• Data:
____________
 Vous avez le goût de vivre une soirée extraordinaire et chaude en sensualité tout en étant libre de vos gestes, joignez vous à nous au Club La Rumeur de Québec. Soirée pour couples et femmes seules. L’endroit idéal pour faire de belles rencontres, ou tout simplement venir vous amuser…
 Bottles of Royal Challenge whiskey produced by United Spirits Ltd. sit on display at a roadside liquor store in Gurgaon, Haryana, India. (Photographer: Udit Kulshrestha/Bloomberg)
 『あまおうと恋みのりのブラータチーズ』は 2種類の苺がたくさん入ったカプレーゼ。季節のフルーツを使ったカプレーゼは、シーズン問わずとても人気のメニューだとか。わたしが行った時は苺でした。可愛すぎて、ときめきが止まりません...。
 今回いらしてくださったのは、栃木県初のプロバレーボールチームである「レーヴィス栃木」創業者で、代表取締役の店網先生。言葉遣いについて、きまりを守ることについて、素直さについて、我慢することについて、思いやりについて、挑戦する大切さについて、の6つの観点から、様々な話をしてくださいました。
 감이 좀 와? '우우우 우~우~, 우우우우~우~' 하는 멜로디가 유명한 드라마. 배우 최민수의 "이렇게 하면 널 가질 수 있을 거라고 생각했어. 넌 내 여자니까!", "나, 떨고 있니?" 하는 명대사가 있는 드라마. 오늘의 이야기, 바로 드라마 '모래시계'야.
____________
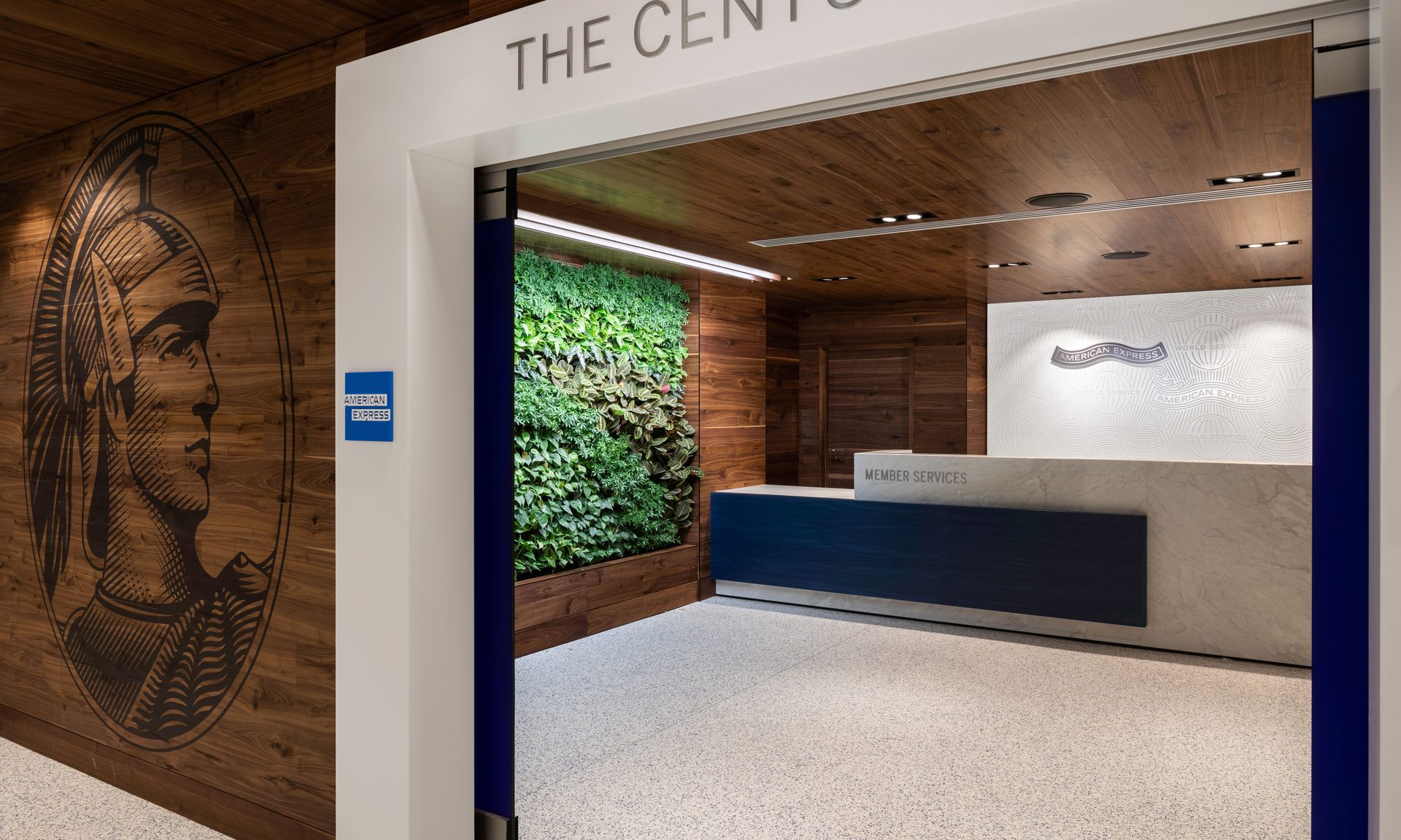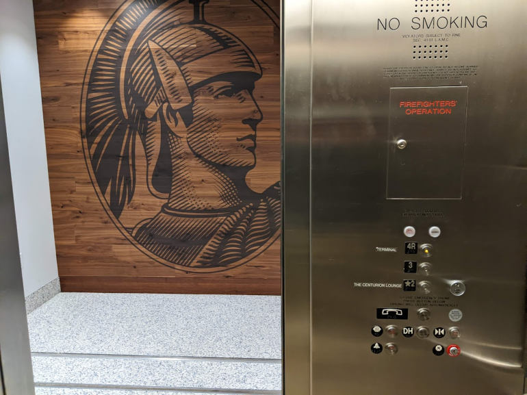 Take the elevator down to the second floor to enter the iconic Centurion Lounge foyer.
____________
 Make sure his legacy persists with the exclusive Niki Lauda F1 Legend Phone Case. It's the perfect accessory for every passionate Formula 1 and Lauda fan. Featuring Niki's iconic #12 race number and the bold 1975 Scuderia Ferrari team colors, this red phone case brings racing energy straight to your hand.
____________
• Task objective: Copy, exactly and only, the lines above that begin with the one containing "Vous avez le" and finish with the one containing "감이 좀 와? '우우우".

• Result of this exercise:
 Vous avez le goût de vivre une soirée extraordinaire et chaude en sensualité tout en étant libre de vos gestes, joignez vous à nous au Club La Rumeur de Québec. Soirée pour couples et femmes seules. L’endroit idéal pour faire de belles rencontres, ou tout simplement venir vous amuser…
 Bottles of Royal Challenge whiskey produced by United Spirits Ltd. sit on display at a roadside liquor store in Gurgaon, Haryana, India. (Photographer: Udit Kulshrestha/Bloomberg)
 『あまおうと恋みのりのブラータチーズ』は 2種類の苺がたくさん入ったカプレーゼ。季節のフルーツを使ったカプレーゼは、シーズン問わずとても人気のメニューだとか。わたしが行った時は苺でした。可愛すぎて、ときめきが止まりません...。
 今回いらしてくださったのは、栃木県初のプロバレーボールチームである「レーヴィス栃木」創業者で、代表取締役の店網先生。言葉遣いについて、きまりを守ることについて、素直さについて、我慢することについて、思いやりについて、挑戦する大切さについて、の6つの観点から、様々な話をしてくださいました。
 감이 좀 와? '우우우 우~우~, 우우우우~우~' 하는 멜로디가 유명한 드라마. 배우 최민수의 "이렇게 하면 널 가질 수 있을 거라고 생각했어. 넌 내 여자니까!", "나, 떨고 있니?" 하는 명대사가 있는 드라마. 오늘의 이야기, 바로 드라마 '모래시계'야.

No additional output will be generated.